Maybe this was just one incident. One bad morning. The alarm clocks didn’t go off. They just got out of the bed on the wrong side. I don’t know. But I was quickly reminded of something I have been very conscious of. Yelling. Yelling at my children when we are running late. Yelling when I have asked them for the umpteenth time to stop fighting. Yelling when they just aren’t doing what they are supposed to be doing, or vice-versa. I am very conscious of losing my cool as Mom. It can be so easy for me to do.
I knew I needed to make a change when I started to see my own children mimic my behaviour. When things weren’t going their way they were acting exasperated, yelling, slamming doors, not talking about their emotion but acting it out in a unhealthy fashion. It wasn’t a pretty reflection of what I pictured a loving family environment. However, I realized it was in fact a reflection of how they were learning to cope with stress. I knew in those moments that I needed to make a change in my own behaviour so they would grow to be emotionally strong boys in a very mixed up world.

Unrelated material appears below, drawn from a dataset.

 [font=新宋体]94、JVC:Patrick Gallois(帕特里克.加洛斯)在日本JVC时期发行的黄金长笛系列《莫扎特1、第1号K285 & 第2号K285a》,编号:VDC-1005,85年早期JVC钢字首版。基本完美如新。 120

I learned to talk through my stress with them when appropriate. I started getting ready to go anywhere 15 minutes earlier then I needed. I taught myself that if we are a little late “Oh Well!” it is not worth the kicking of butt to get out the door. We made a conscious effort to clean up every day after dinner, making a routine of putting things in their proper place. I really worked on being calm, cool and collected even when I just wanted to SCREAM! (Amazingly the more I practice being calm, cool and collected the less I want to scream.)

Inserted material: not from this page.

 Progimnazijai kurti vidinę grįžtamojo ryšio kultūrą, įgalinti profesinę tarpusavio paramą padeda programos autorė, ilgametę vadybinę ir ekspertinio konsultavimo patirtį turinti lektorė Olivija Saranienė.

The beautiful thing: I have seen tremendous change in my 9 year old over the last six-months. He is more helpful getting out the door. He loves to smile and say “Here you go, Mom” when he has helped me find my misplaced keys. If I ask for help 99% of the time I get a “Sure, Mom!”. He understand that by helping he is adding to a happy family environment.
The joys of my life!My 7 year old is still not as emotionally mature but he loves it when I give him hugs when he has done the right thing. If I say, “Thank you for getting in the car and getting your seat belt on; here is your water bottle for practice.”, he beams. He knows he has done the right thing by moving towards the car. That has such a greater impact then yelling at him because he forgot to grab his water-bottle sitting on the kitchen counter. I can tell too that he made a mental note, “Next time grab water bottle like Mom asked me to do”.
As I saw the young mom in my rear view mirror I prayed a quick prayer. I prayed that this young girl gets over being yelled at so early in the morning. I prayed that Mom learns the lesson it took me some time to figure out myself. I made a mental note to think about this girl and her single mom and how I can help them in the future.
How about you? How do you handle stress with your kids? In front of your kids? How are you teaching them to handle stress as they grow? We wear many hats as HH6s but the motherhood-hat is the most influential and important hats we have ever been gifted.